Your task => The lines in the listing below are to be given again exactly, starting at the line holding "- Dual-functional formula" and ending at the line holding "[Link]ţi principalele atribuţii". Do not include pictures.

Records for processing =>
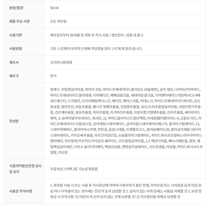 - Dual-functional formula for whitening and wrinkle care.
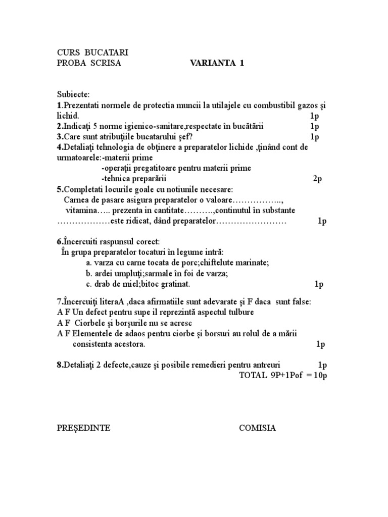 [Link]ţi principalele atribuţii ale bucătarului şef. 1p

* * *

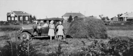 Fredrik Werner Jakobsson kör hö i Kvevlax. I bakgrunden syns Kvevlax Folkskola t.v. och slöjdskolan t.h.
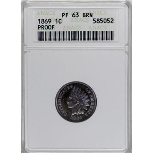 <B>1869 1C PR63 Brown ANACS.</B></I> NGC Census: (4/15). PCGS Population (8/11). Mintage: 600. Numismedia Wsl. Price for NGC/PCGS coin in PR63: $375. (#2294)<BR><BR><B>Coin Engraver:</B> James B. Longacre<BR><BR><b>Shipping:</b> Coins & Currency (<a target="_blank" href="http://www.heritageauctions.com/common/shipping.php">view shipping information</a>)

--

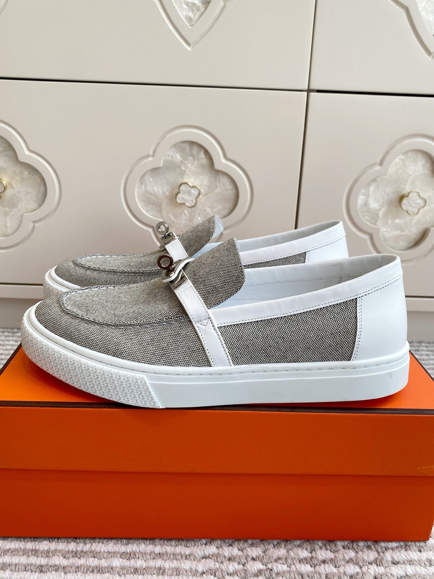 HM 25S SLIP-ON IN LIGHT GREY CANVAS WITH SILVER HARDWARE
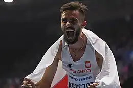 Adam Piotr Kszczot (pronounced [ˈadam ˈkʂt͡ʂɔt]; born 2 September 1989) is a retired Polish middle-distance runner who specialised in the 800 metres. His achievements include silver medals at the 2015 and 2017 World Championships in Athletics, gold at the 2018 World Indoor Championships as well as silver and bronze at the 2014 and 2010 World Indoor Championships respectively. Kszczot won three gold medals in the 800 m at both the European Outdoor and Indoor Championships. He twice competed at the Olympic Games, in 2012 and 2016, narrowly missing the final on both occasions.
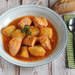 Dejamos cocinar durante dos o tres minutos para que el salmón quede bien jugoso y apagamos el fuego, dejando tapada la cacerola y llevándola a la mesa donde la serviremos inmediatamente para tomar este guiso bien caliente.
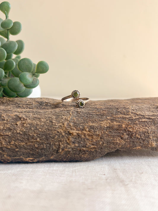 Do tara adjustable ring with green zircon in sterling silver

Expected answer =>
 - Dual-functional formula for whitening and wrinkle care.
 [Link]ţi principalele atribuţii ale bucătarului şef. 1p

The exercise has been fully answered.